# Data below
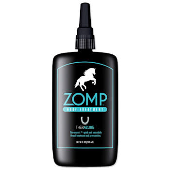 Once Truffles has nice, clean, mud free hooves I apply a product to keep thrush at bay. Over my years of owning horses, I’ve tried a variety of thrush treatments, some that have worked great and others that were not so great. Lately, my favorite has been Therazure’s Zomp! This is a newer product for us, and I have been using it consistently since we started to carry it. Zomp is a very simple formula of copper sulfate, sodium bicarbonate (baking soda), and distilled vinegar.
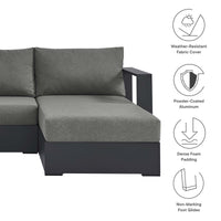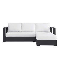 Enliven your alfresco spaces with the Tahoe Aluminum Outdoor Patio 2-Piece Sectional Sofa. This modern sectional sofa is constructed with well-crafted, durable powder-coated aluminum, dispensing contemporary elegance in your outdoor lounge spaces. Its dense foam padding ensures sustained comfort, making it ideal for poolside lounging or as outdoor deck furniture, complete with UV and water-resistant fabric-covered seats and backrests. The cushion covers are removable for easy machine washing. Part of a modular outdoor furniture collection, this 2-Piece sectional sofa offers adaptability and style while entertaining or relaxing. The entire Tahoe aluminum patio furniture set features non-marking foot glides to protect your deck or patio floor and comes with easy-to-follow assembly instructions. Set Includes: 1 Left-Facing Loveseat (Weight Capacity: 661 lbs.), 1 Right-Facing Chaise (Weight Capacity: 661 lbs.)
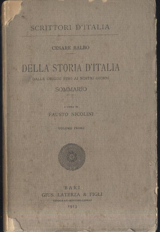 SOMMARIO DELLA STORIA D'ITALIA di Cesare Balbo 1913 Laterza libro dalle origini | Libri antichi e moderni |
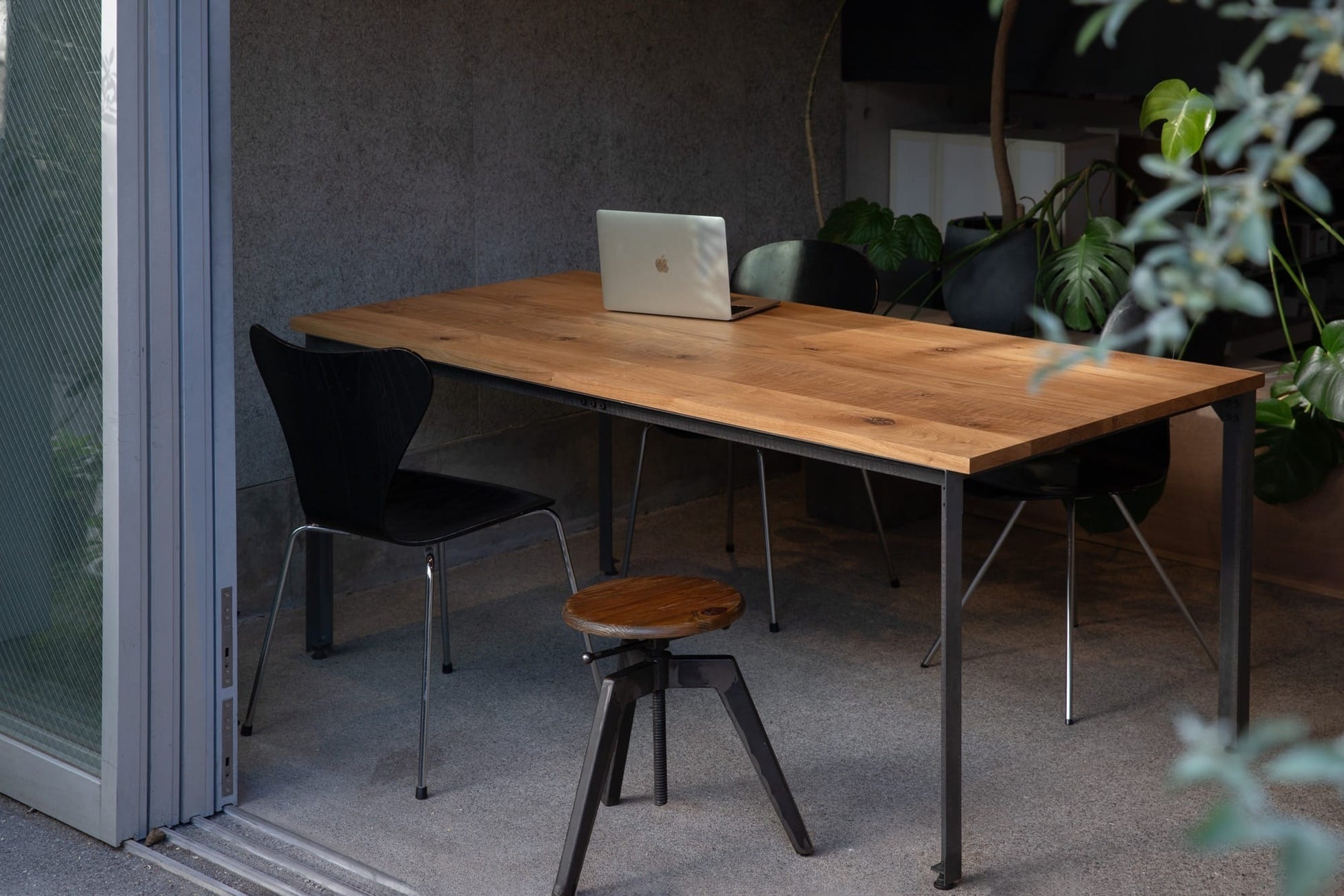 「黒皮鉄のテーブル脚」は、鉄の無骨さだけでなく、空間への馴染みやすさも重視し、形や表情にこだわりました。

# What the task requires
Nothing but the pictures should be left out when the listing above is transcribed.

# Exercise output
 Once Truffles has nice, clean, mud free hooves I apply a product to keep thrush at bay. Over my years of owning horses, I’ve tried a variety of thrush treatments, some that have worked great and others that were not so great. Lately, my favorite has been Therazure’s Zomp! This is a newer product for us, and I have been using it consistently since we started to carry it. Zomp is a very simple formula of copper sulfate, sodium bicarbonate (baking soda), and distilled vinegar.
 Enliven your alfresco spaces with the Tahoe Aluminum Outdoor Patio 2-Piece Sectional Sofa. This modern sectional sofa is constructed with well-crafted, durable powder-coated aluminum, dispensing contemporary elegance in your outdoor lounge spaces. Its dense foam padding ensures sustained comfort, making it ideal for poolside lounging or as outdoor deck furniture, complete with UV and water-resistant fabric-covered seats and backrests. The cushion covers are removable for easy machine washing. Part of a modular outdoor furniture collection, this 2-Piece sectional sofa offers adaptability and style while entertaining or relaxing. The entire Tahoe aluminum patio furniture set features non-marking foot glides to protect your deck or patio floor and comes with easy-to-follow assembly instructions. Set Includes: 1 Left-Facing Loveseat (Weight Capacity: 661 lbs.), 1 Right-Facing Chaise (Weight Capacity: 661 lbs.)
 SOMMARIO DELLA STORIA D'ITALIA di Cesare Balbo 1913 Laterza libro dalle origini | Libri antichi e moderni |
 「黒皮鉄のテーブル脚」は、鉄の無骨さだけでなく、空間への馴染みやすさも重視し、形や表情にこだわりました。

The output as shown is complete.